At work there was some confusion that creating stub zones requires the master servers to allow zone transfers to the servers holding the stub zones. That’s not correct and oddly I couldn’t find any direct hits when I typed this query into Google so I could show some blog posts/ articles for support.
I mentioned this briefly in one of my earlier blog posts. But don’t take my word for it here are two blog posts and a book except mentioning the same:
- The Long and Short of Stub zones
- Conditional Forwarders and Stub Zones in Windows
- And read the section called “Manage stub zones” in this book
If stub zones don’t require any zone transfers what’s the difference between them and conditional forwarders? Again, check the second link above but the long and short of it is that stub zones query the master server IPs you give and asks these servers for a list of NS records and their addresses, and then queries these name servers for whatever record you want; while conditional forwarders have a predefined list of name servers and so always query these for the record you want. Stub zones are more resilient to changes. If the remote end adds/ removes a name server the stub zone will automatically pick it up as long as the master servers are up-to-date and reachable. A conditional forwarder won’t do this automatically – the remote end admins will have to communicate the new name server details to the conditional forwarder admins and they will have to update at their end.
Hope that clarifies!
p.s. See my next post.
p.p.s. Hadn’t thought of this.
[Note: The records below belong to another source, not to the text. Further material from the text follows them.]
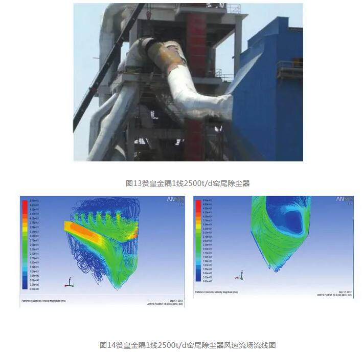 研發(fā)平臺(tái)應(yīng)用于產(chǎn)品設(shè)計(jì)的同時(shí),還應(yīng)用于生產(chǎn),快速解決了很多除塵器及系統(tǒng)的實(shí)際問(wèn)題。袋除塵器運(yùn)行早期出現(xiàn)破袋問(wèn)題。破袋原因很多很復(fù)雜,有結(jié)構(gòu)設(shè)計(jì)不合理問(wèn)題,也有除塵器前后工藝接入的進(jìn)出風(fēng)管路不合理問(wèn)題。利用該平臺(tái),我們解決了許多早期破袋問(wèn)題。例如,2009年金隅集團(tuán)收購(gòu)贊皇水泥一條未建設(shè)完成的2500t/d水泥生產(chǎn)線后,直接委托我們將窯尾電除塵器改為袋除塵器,我們按常規(guī)在短期內(nèi)進(jìn)行了改造。生產(chǎn)線剛開始投入運(yùn)行時(shí)效果良好,但約3個(gè)月后出現(xiàn)排放超標(biāo)。我們檢查發(fā)現(xiàn),有3條破袋產(chǎn)生,且集中在后部一個(gè)室內(nèi),我們僅進(jìn)行了封堵處理。
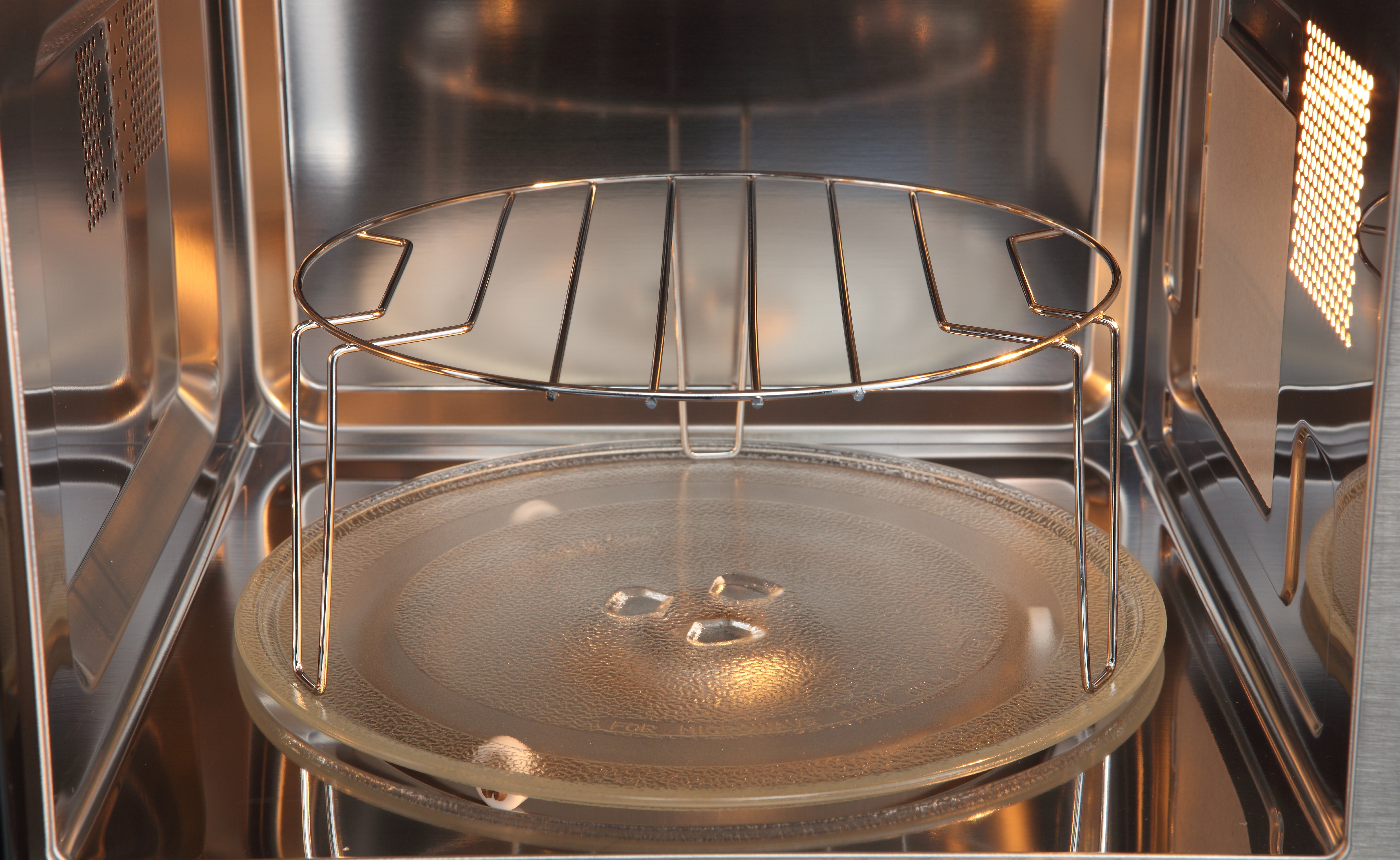 Нержавеющая сталь — быстро нагревается и хорошо переносит высокие температуры, поэтому ее используют в микроволновках с конвекцией.
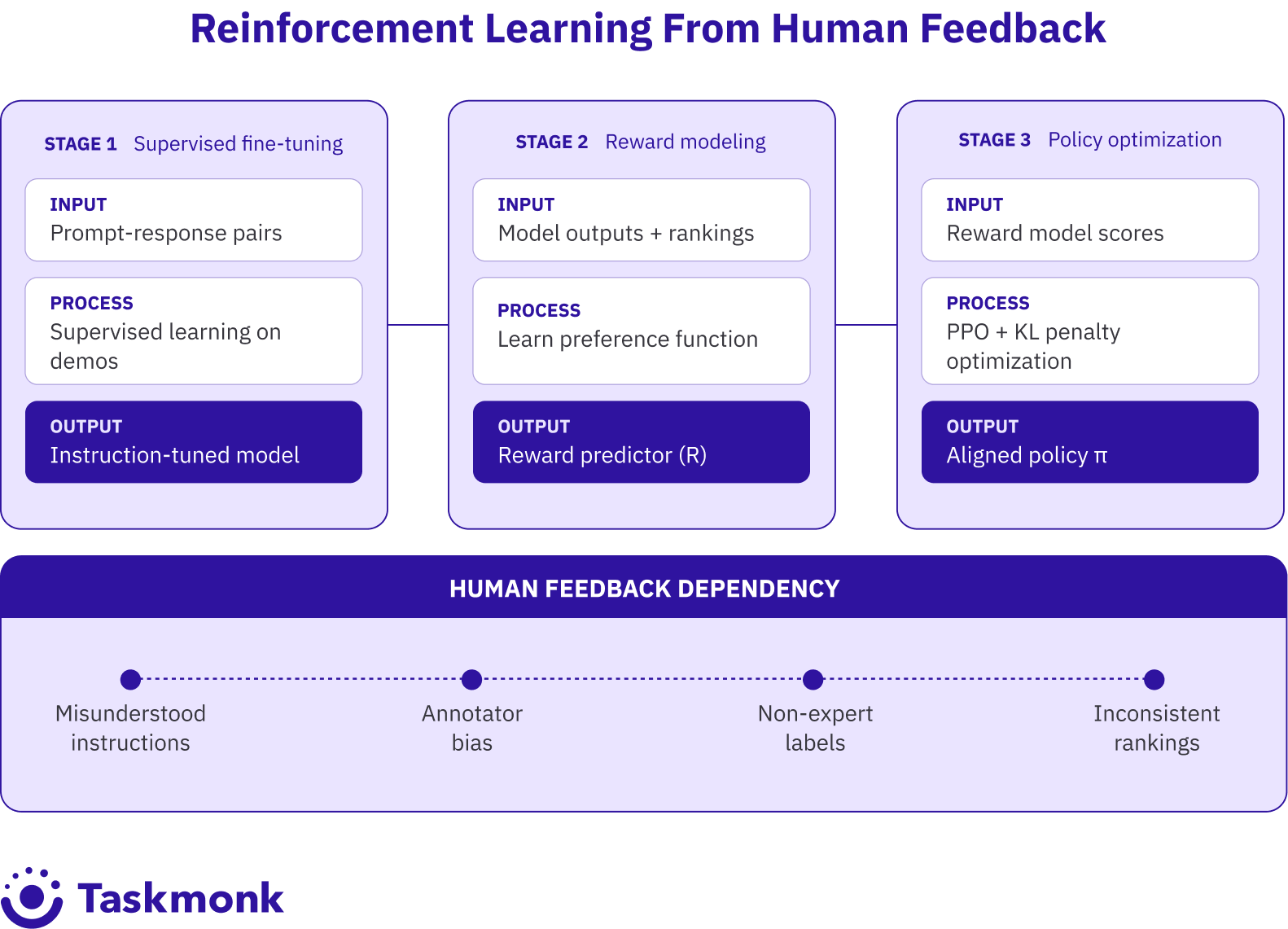 Each stage depends on human feedback collected at scale, and each introduces distinct quality-control challenges.

Good point (via):
Stub zones: will use whatever is in the NS records of the zone (or descendants of the zone, if not otherwise defined) to resolve queries which are below a zone cut.
Forward zones: will always use the configured forwarders, which must support recursion, even for names which are known to be deeper in the delegation hierarchy and whose delegated/authoritative nameservers might respond more quickly than the forwarders, if asked.